- Born: 13 December 1943 (age 82) Chelmsford, Essex, England
- Allegiance: United Kingdom
- Branch: British Army
- Service years: 1962–2002
- Rank: General
- Service number: 477836
- Commands: Deputy Supreme Allied Commander Europe (1998–2001) HQ Northern Ireland (1996–1998) UN forces in Bosnia (1995) 1st Armoured Division (1990–1992)
- Conflicts: The Troubles; Gulf War; Bosnian War; Kosovo War Operation Allied Force; ;
- Awards: Knight Commander of the Order of the Bath Companion of the Distinguished Service Order & Bar Officer of the Order of the British Empire Queen's Gallantry Medal Legionnaire of the Legion of Merit (United States) Order of King Abdulaziz, 3rd Class (Saudi Arabia)
- Other work: Author

= Rupert Smith =

British Army general (born 1943)

General Sir Rupert Anthony Smith, (born 13 December 1943) is a retired British Army officer and author of The Utility of Force. He was a senior commander during the Gulf War, for which he was recognised with appointment as a Companion of the Distinguished Service Order (DSO), and again during the Bosnian War, for which he was recognised with the award of a bar to his DSO insignia. He later became Deputy Supreme Allied Commander Europe.

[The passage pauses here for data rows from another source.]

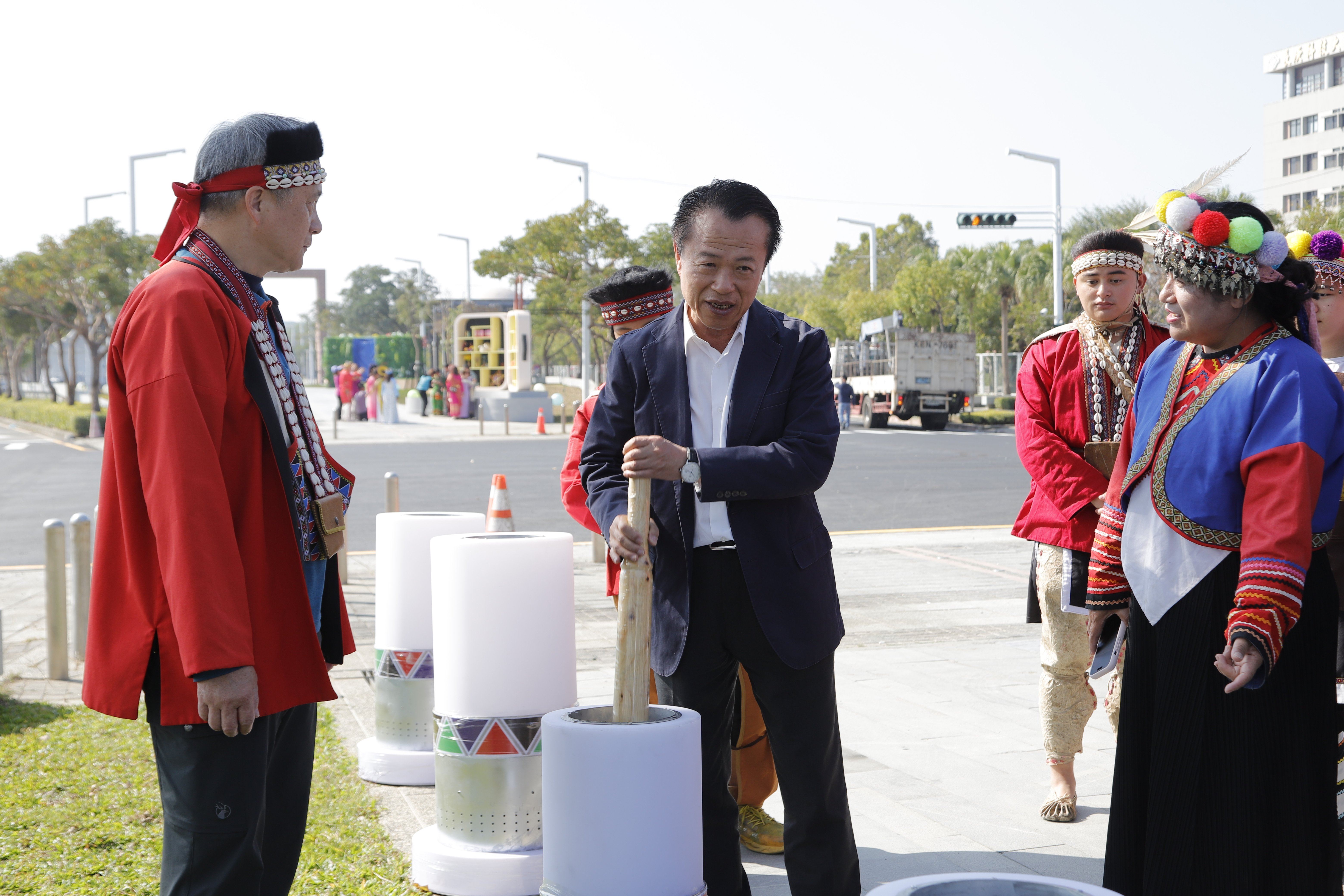 嘉義縣長翁章梁12日視察2026台灣燈會太子大道上的三大燈區,包括社規師燈區展現地方的創作能量與合作精神;新住民燈區「新嘉鄉故事」呈現文化融合的多元樣貌;鄒族燈區「神之境」則將阿里山戰祭神話搬進現實,傳遞一個個在地的動人故事。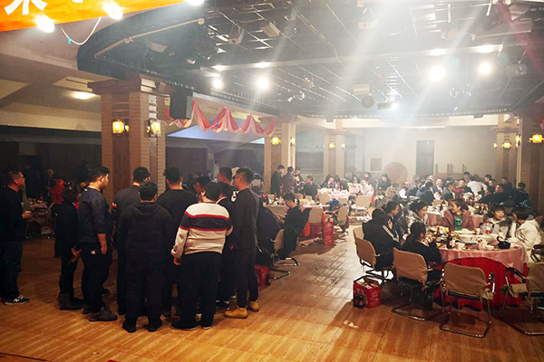 12日17:00,丰盛晚餐正式开始,大家高举酒杯、开怀畅饮。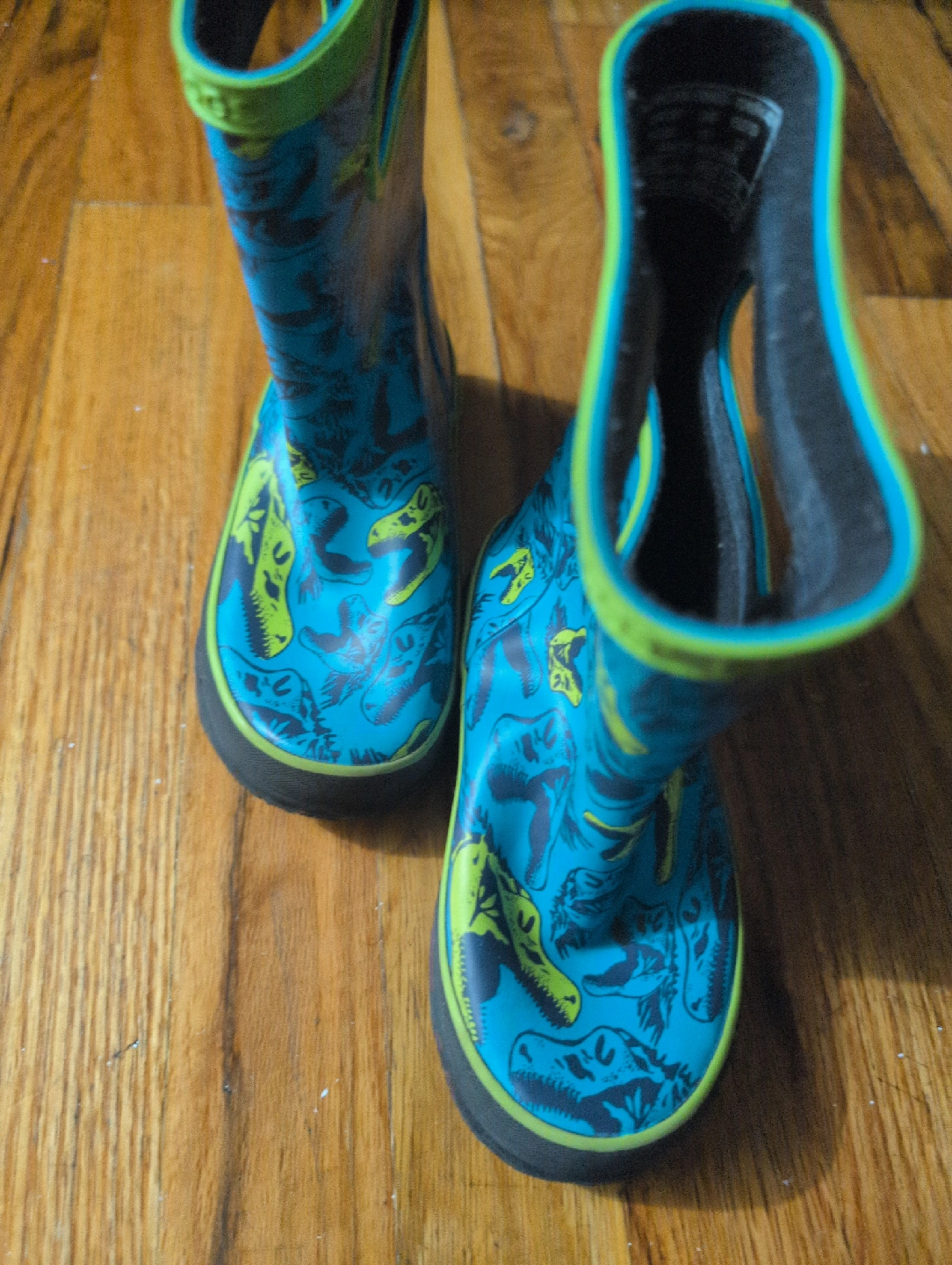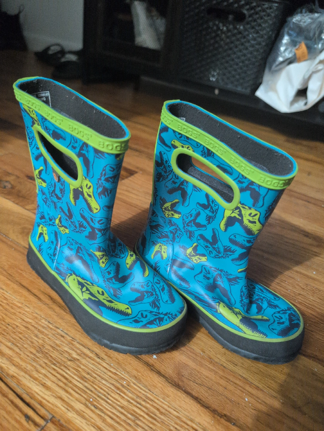 These Bogs kids' rain boots are a size 10 and feature a fun dinosaur print! They are perfect for keeping little feet dry on rainy days
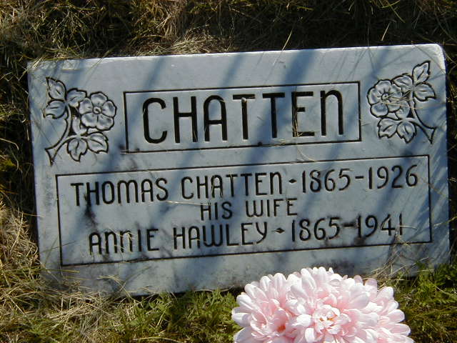 CEMSearch: Name: Annie Chatten; Maiden: Hawley; Born: 1865; Died: 1941; Notes: Wife of Thomas Chatten; Buried: Salem Cemetery, Sec NW; Other names: Thomas Chatten (1865-1926)

==Early life and education==
Smith was born in Chelmsford, Essex, England on 13 December 1943, the son of Irving Smith and Joan Debenham. His father was a New Zealand fighter ace in the Battle of Britain who later led No. 487 Squadron RNZAF before rising to group captain in the service of the Royal Air Force.

Smith was educated at the Haileybury and Imperial Service College and later at the Royal Military Academy Sandhurst.

==Military career==
Smith was admitted to the Royal Military Academy Sandhurst in 1962 and after graduating from a two-year course was commissioned as a second lieutenant into the Parachute Regiment in December 1964. He went on to serve in East and South Africa, Arabia, the Caribbean, Northern Ireland, Europe, and Malaysia. He was promoted lieutenant in June 1966, captain in December 1970, and major in December 1975. In 1978, when a major, he was awarded the Queen's Gallantry Medal for services in Northern Ireland.

In June 1980 Smith was promoted to lieutenant colonel. He was appointed an Officer of the Order of the British Empire in the 1982 New Year Honours, and in June 1985 was promoted to full colonel. His promotion to brigadier came in December 1986.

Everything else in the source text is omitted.